Data for this task ::
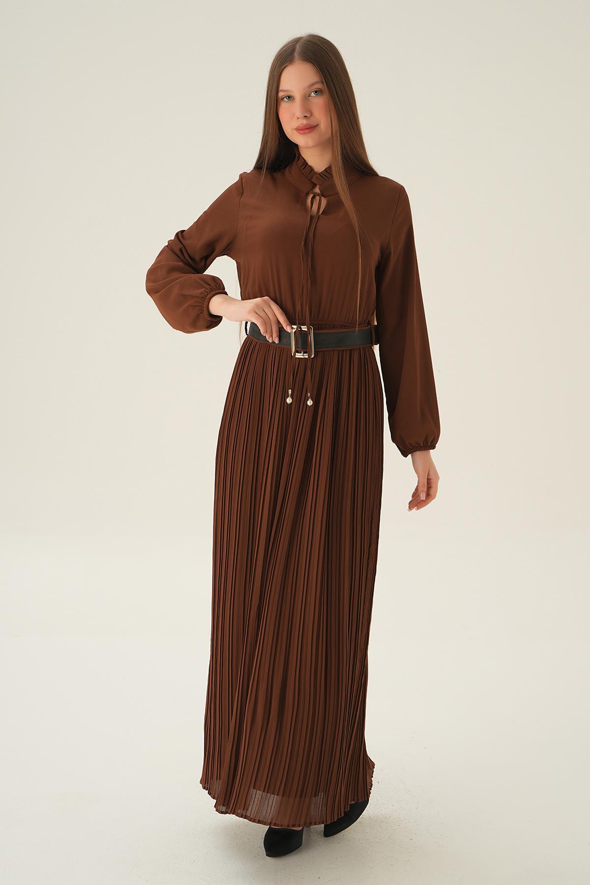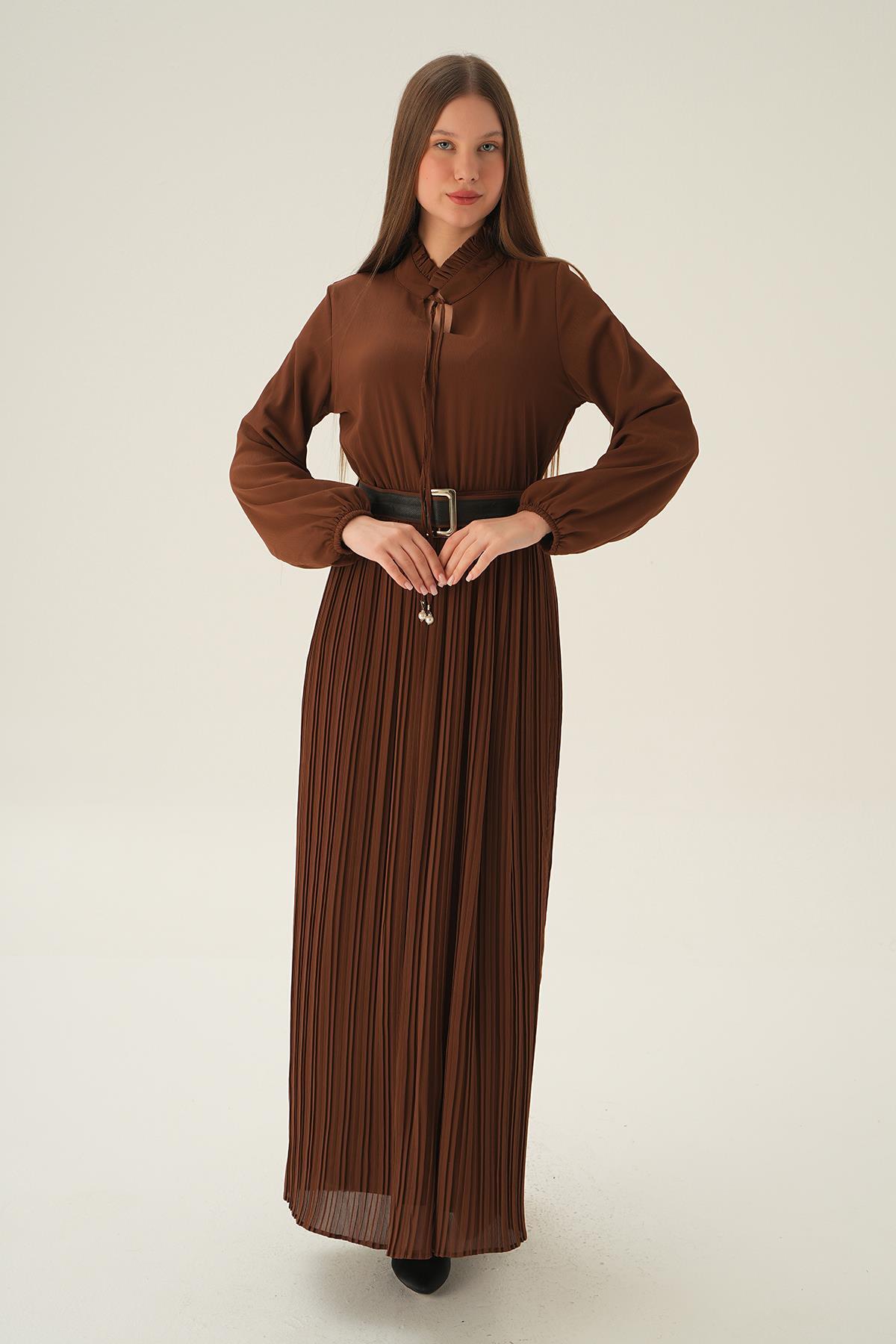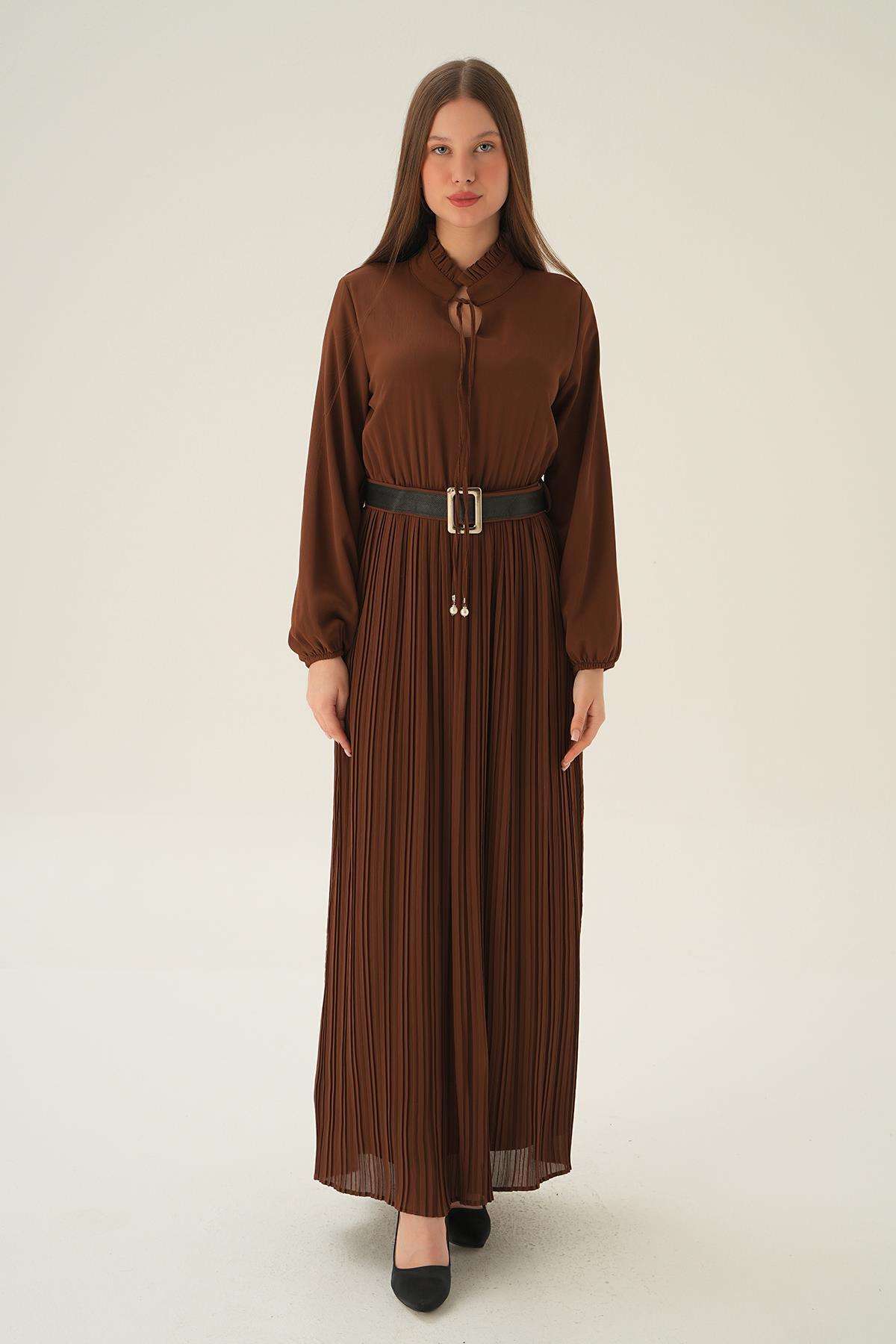 Kahve Pliseli Uzun Elbise 2641
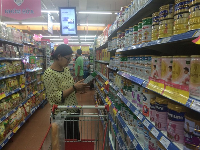 | Người tiêu dùng tham khảo sản phẩm sữa tại một siêu thị ở TPHCM. |
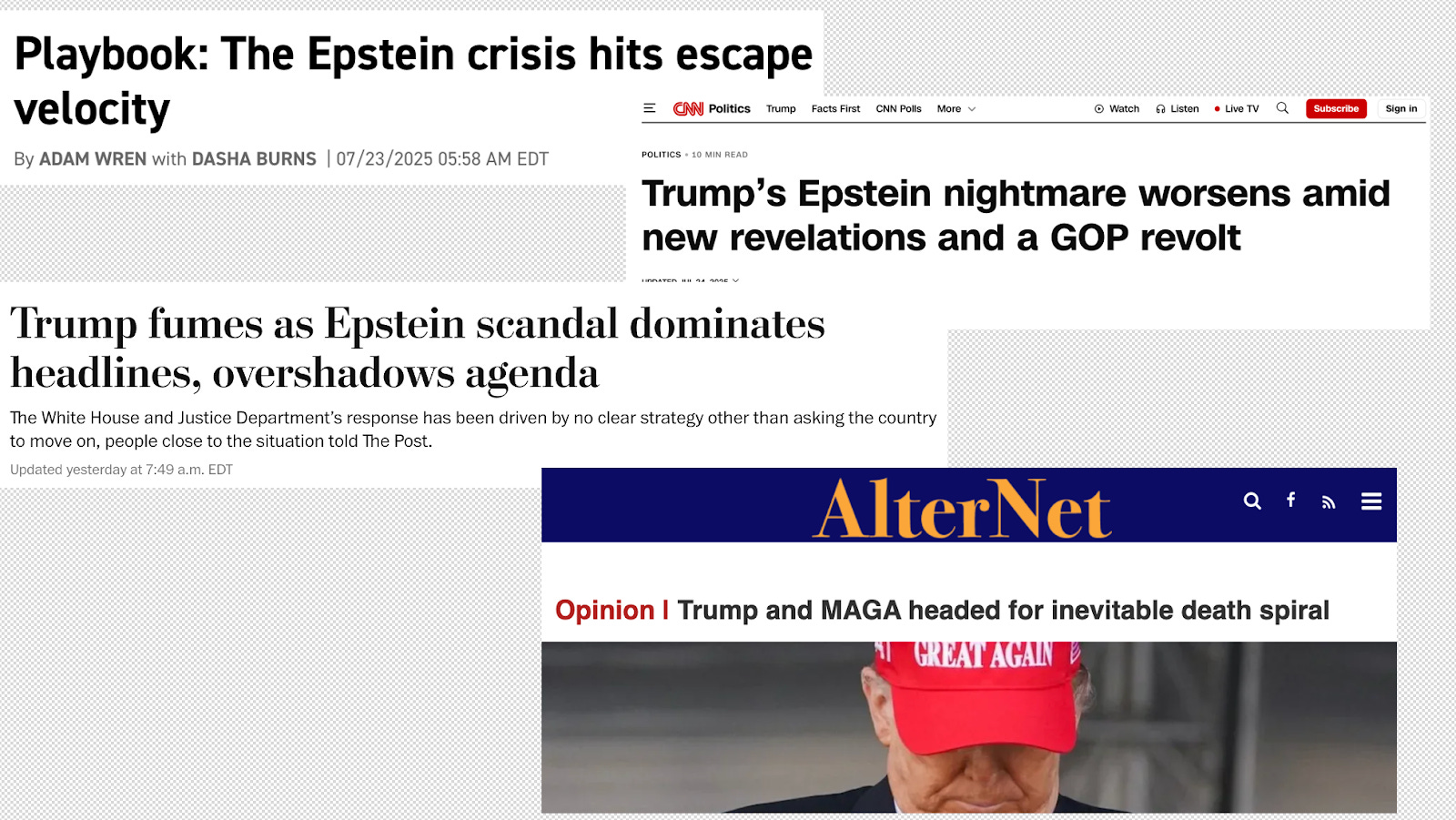 On July 7, the Justice Department claimed that Epstein did not have a “client list” and said it didn’t expect to release any more files about his case to the public, contradicting implied promises by Attorney General Pam Bondi and Trump himself to provide more disclosure. In the three weeks since then, this has been overwhelmingly the lead political story, often framed around headlines like these. It’s a “nightmare” for Trump that’s hit “escape velocity” or could even lead to a “death spiral.” At the very least, it’s overshadowing the rest of his agenda.
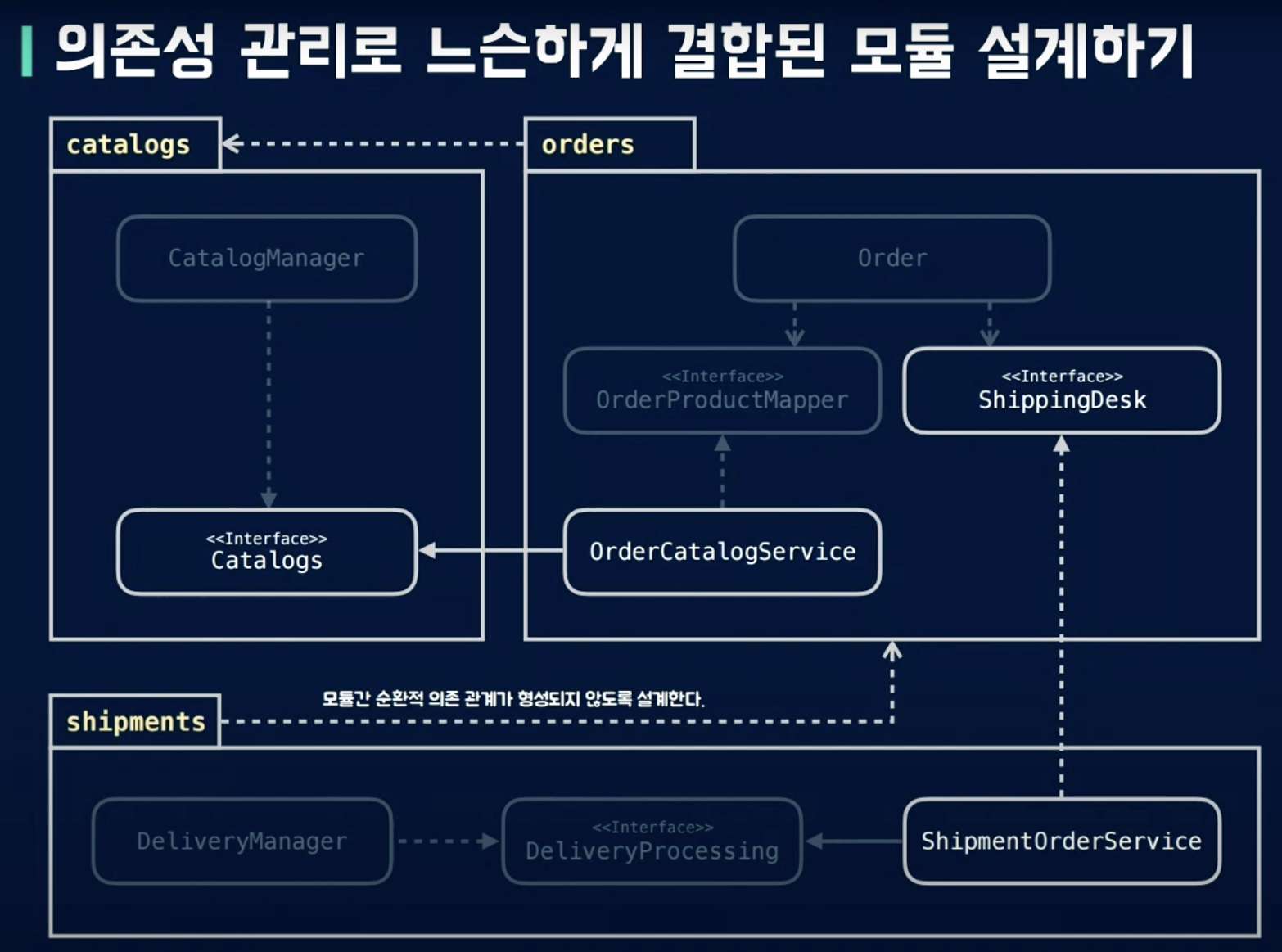 절대 복잡한 관계를 형성하지 않도록 의존성을 관리
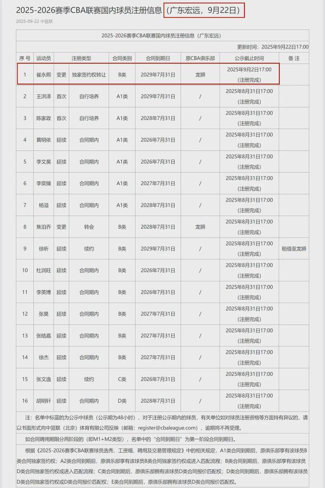 CBA官网更新国内球员名单:广东宏远已经为崔永熙正式注册,双方签下4年B类合同,2029年夏天合同到期,届时广东男篮享有崔永熙D类(顶薪)合同独家签约权。崔永熙在广东宏远将身披24号球衣!
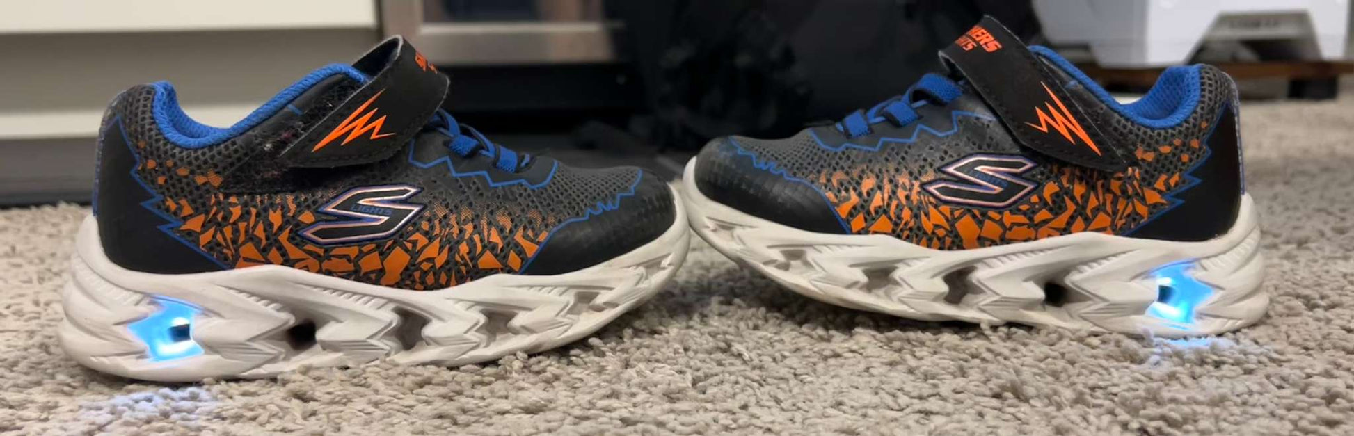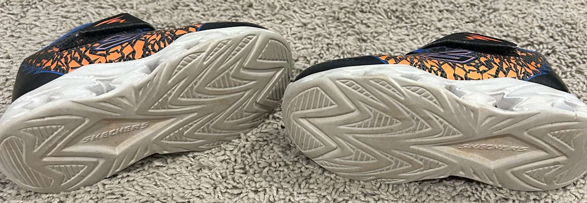 Description : Sketchers S-Lights Sneakers - BLACK/ORANGE (Size: 9) White/Light blue lights still work.
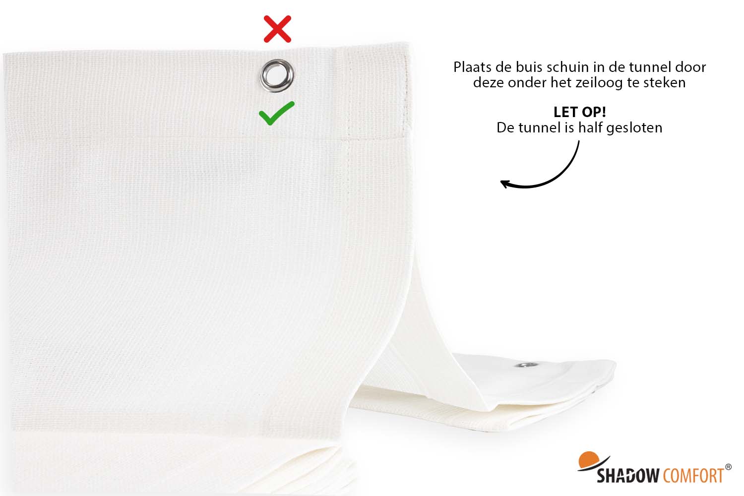 LET OP!!! aluminium buizen onder de zeilogen plaatsen. Zijkant tunnel is een beetje ingestikt zodat de buizen bij harde wind er niet uitwaaien. Bij het installeren van de buis maakt u als het ware een kleine bocht naar onderen zodat de buis onder de zeilogen komt.
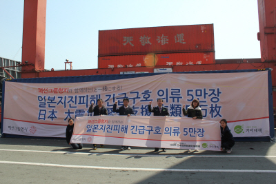 3월 27일 부산항을 출발한 의류 컨테이너는 29일 일본기아대책에 전달되었다.
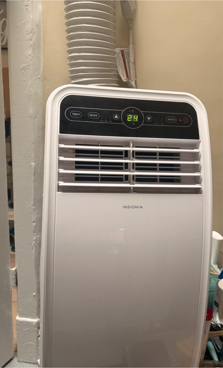 This is a white Insignia portable air conditioner. It has multiple modes including cool, dry, and fan. The unit displays the temperature and speed settings. Comes with control
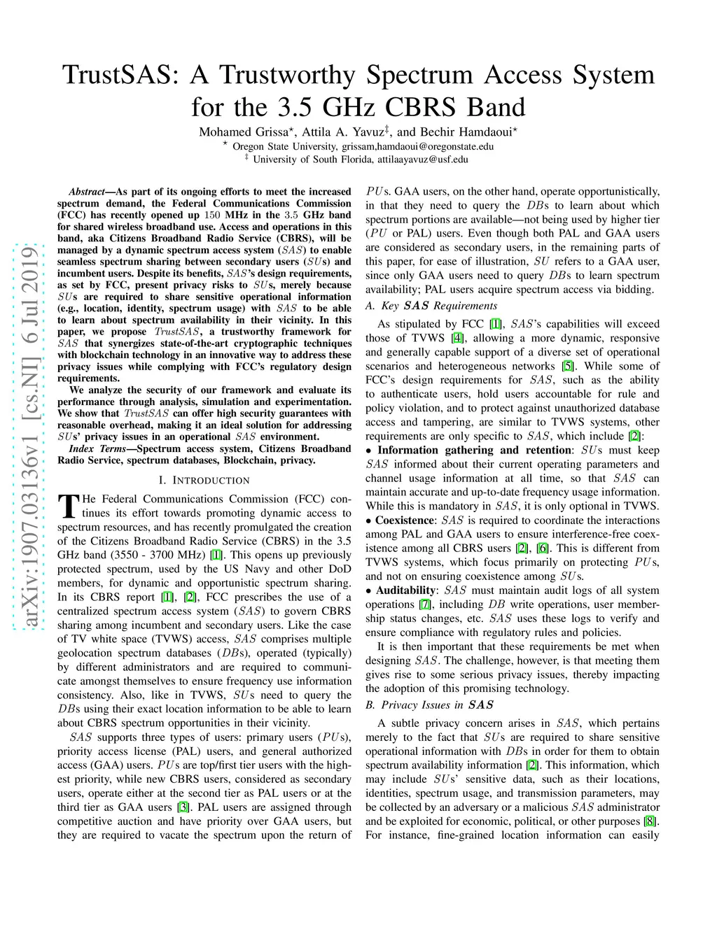 TrustSAS: A Trustworthy Spectrum Access System for the 3.5 GHz CBRS Band
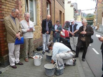 Verlegung der Stolpersteine in der Johannesstraße im Jahr 2013 mit dem Künstler Gunter Demnig (Foto: Christian Müller / Kolpingfamilie)
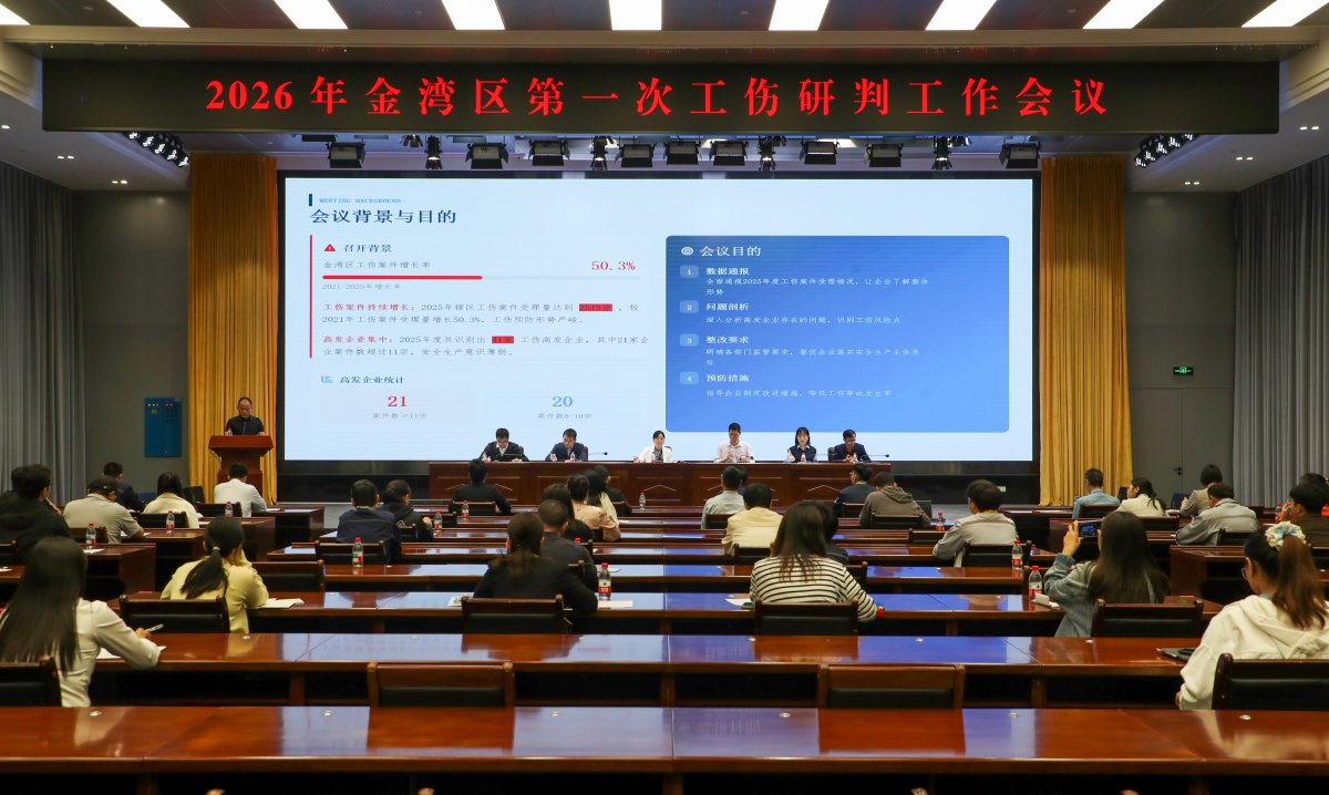 3月12日上午,金湾区人力资源和社会保障局在金湾区市民服务中心召开2026年第一次工伤研判工作会议,区内40家工伤高发企业的安全生产负责人参加会议,共同剖析问题根源,共商治理对策,将安全关口前移,全力打好新一年工伤预防主动仗。

Problem details :: Please make an exact copy of the whole listing and leave out its pictures.

Output ::
 Kahve Pliseli Uzun Elbise 2641
 | Người tiêu dùng tham khảo sản phẩm sữa tại một siêu thị ở TPHCM. |
 On July 7, the Justice Department claimed that Epstein did not have a “client list” and said it didn’t expect to release any more files about his case to the public, contradicting implied promises by Attorney General Pam Bondi and Trump himself to provide more disclosure. In the three weeks since then, this has been overwhelmingly the lead political story, often framed around headlines like these. It’s a “nightmare” for Trump that’s hit “escape velocity” or could even lead to a “death spiral.” At the very least, it’s overshadowing the rest of his agenda.
 절대 복잡한 관계를 형성하지 않도록 의존성을 관리
 CBA官网更新国内球员名单:广东宏远已经为崔永熙正式注册,双方签下4年B类合同,2029年夏天合同到期,届时广东男篮享有崔永熙D类(顶薪)合同独家签约权。崔永熙在广东宏远将身披24号球衣!
 Description : Sketchers S-Lights Sneakers - BLACK/ORANGE (Size: 9) White/Light blue lights still work.
 LET OP!!! aluminium buizen onder de zeilogen plaatsen. Zijkant tunnel is een beetje ingestikt zodat de buizen bij harde wind er niet uitwaaien. Bij het installeren van de buis maakt u als het ware een kleine bocht naar onderen zodat de buis onder de zeilogen komt.
 3월 27일 부산항을 출발한 의류 컨테이너는 29일 일본기아대책에 전달되었다.
 This is a white Insignia portable air conditioner. It has multiple modes including cool, dry, and fan. The unit displays the temperature and speed settings. Comes with control
 TrustSAS: A Trustworthy Spectrum Access System for the 3.5 GHz CBRS Band
 Verlegung der Stolpersteine in der Johannesstraße im Jahr 2013 mit dem Künstler Gunter Demnig (Foto: Christian Müller / Kolpingfamilie)
 3月12日上午,金湾区人力资源和社会保障局在金湾区市民服务中心召开2026年第一次工伤研判工作会议,区内40家工伤高发企业的安全生产负责人参加会议,共同剖析问题根源,共商治理对策,将安全关口前移,全力打好新一年工伤预防主动仗。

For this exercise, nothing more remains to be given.